• REQUIREMENT
Scan the records below for the line with "This modern card" and the line with "Title (ebay affiliate", and retype that range exactly, both ends included, pictures excepted.

• MATERIAL PROVIDED
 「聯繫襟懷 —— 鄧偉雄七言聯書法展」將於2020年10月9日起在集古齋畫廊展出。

...

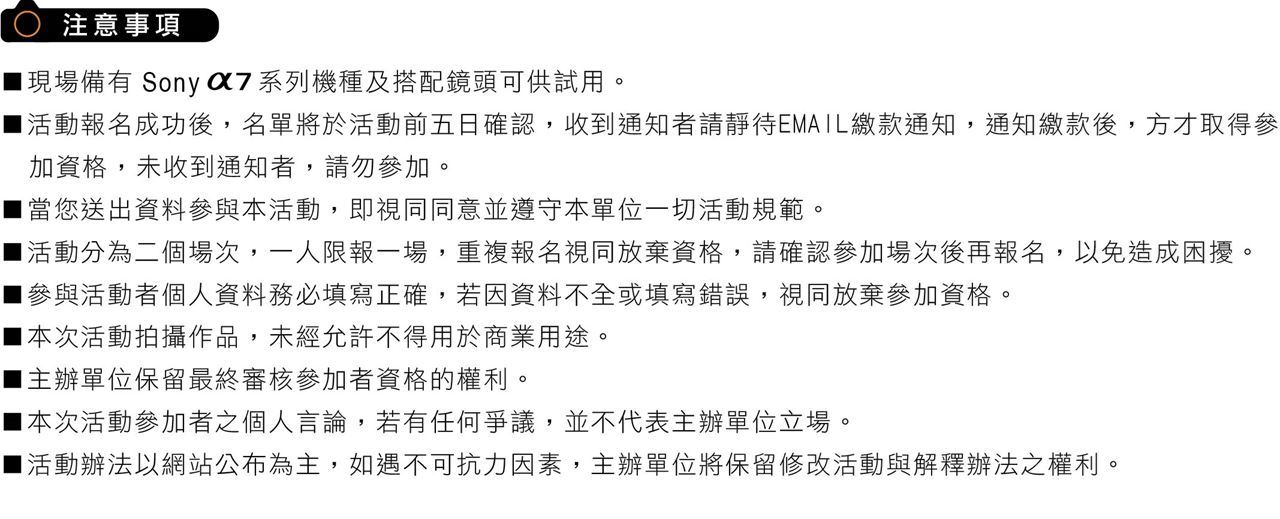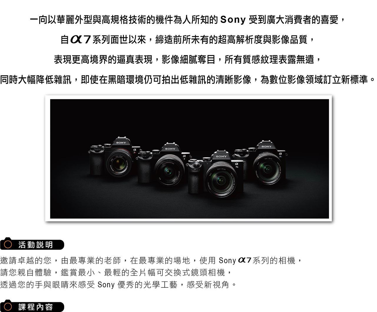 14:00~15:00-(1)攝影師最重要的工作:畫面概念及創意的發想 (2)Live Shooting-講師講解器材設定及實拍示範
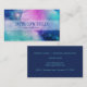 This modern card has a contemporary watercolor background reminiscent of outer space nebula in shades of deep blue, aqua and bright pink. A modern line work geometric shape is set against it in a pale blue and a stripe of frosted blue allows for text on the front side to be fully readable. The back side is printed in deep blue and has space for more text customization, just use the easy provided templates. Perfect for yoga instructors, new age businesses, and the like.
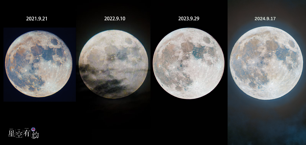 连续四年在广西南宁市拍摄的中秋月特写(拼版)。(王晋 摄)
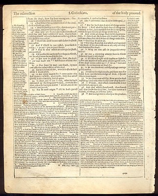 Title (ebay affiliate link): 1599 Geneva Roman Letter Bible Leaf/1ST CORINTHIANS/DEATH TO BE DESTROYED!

...

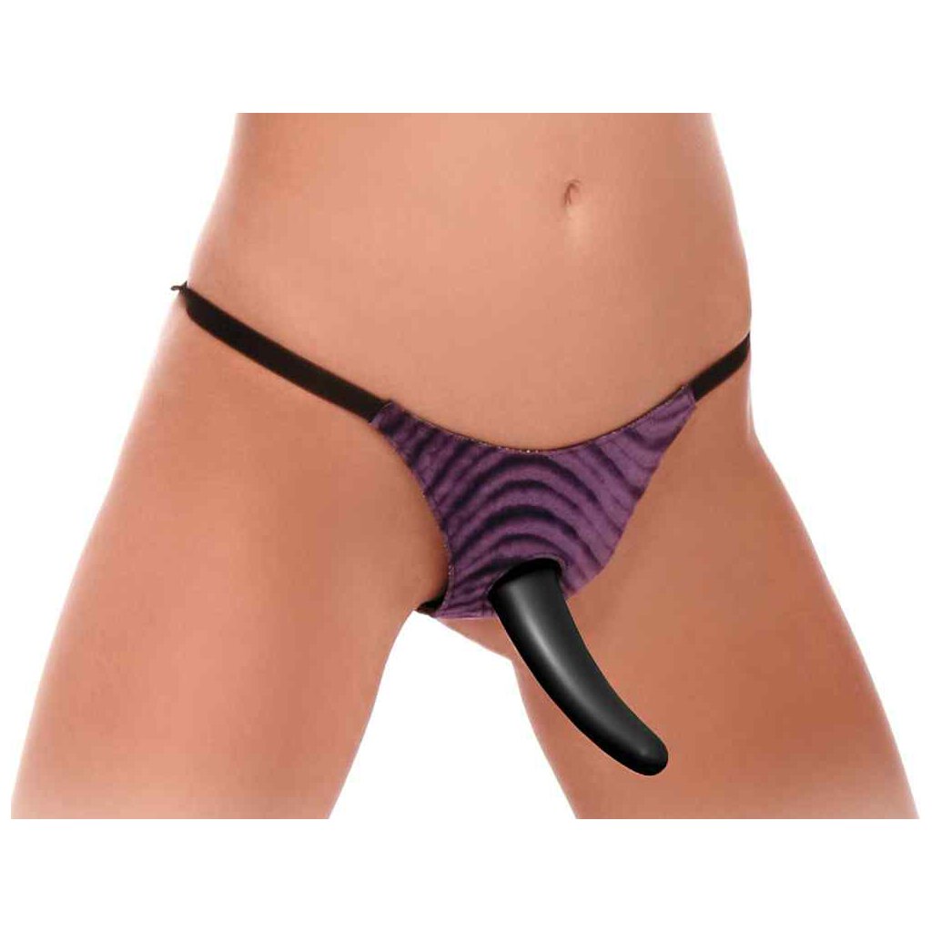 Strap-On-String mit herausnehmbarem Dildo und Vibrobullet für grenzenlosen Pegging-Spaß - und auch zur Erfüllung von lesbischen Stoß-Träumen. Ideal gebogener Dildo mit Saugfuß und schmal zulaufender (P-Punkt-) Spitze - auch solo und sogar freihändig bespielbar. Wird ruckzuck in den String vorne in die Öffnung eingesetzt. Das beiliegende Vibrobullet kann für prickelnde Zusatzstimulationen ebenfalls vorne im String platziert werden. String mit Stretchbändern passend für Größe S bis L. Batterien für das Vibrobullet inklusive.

• OUTPUT
 This modern card has a contemporary watercolor background reminiscent of outer space nebula in shades of deep blue, aqua and bright pink. A modern line work geometric shape is set against it in a pale blue and a stripe of frosted blue allows for text on the front side to be fully readable. The back side is printed in deep blue and has space for more text customization, just use the easy provided templates. Perfect for yoga instructors, new age businesses, and the like.
 连续四年在广西南宁市拍摄的中秋月特写(拼版)。(王晋 摄)
 Title (ebay affiliate link): 1599 Geneva Roman Letter Bible Leaf/1ST CORINTHIANS/DEATH TO BE DESTROYED!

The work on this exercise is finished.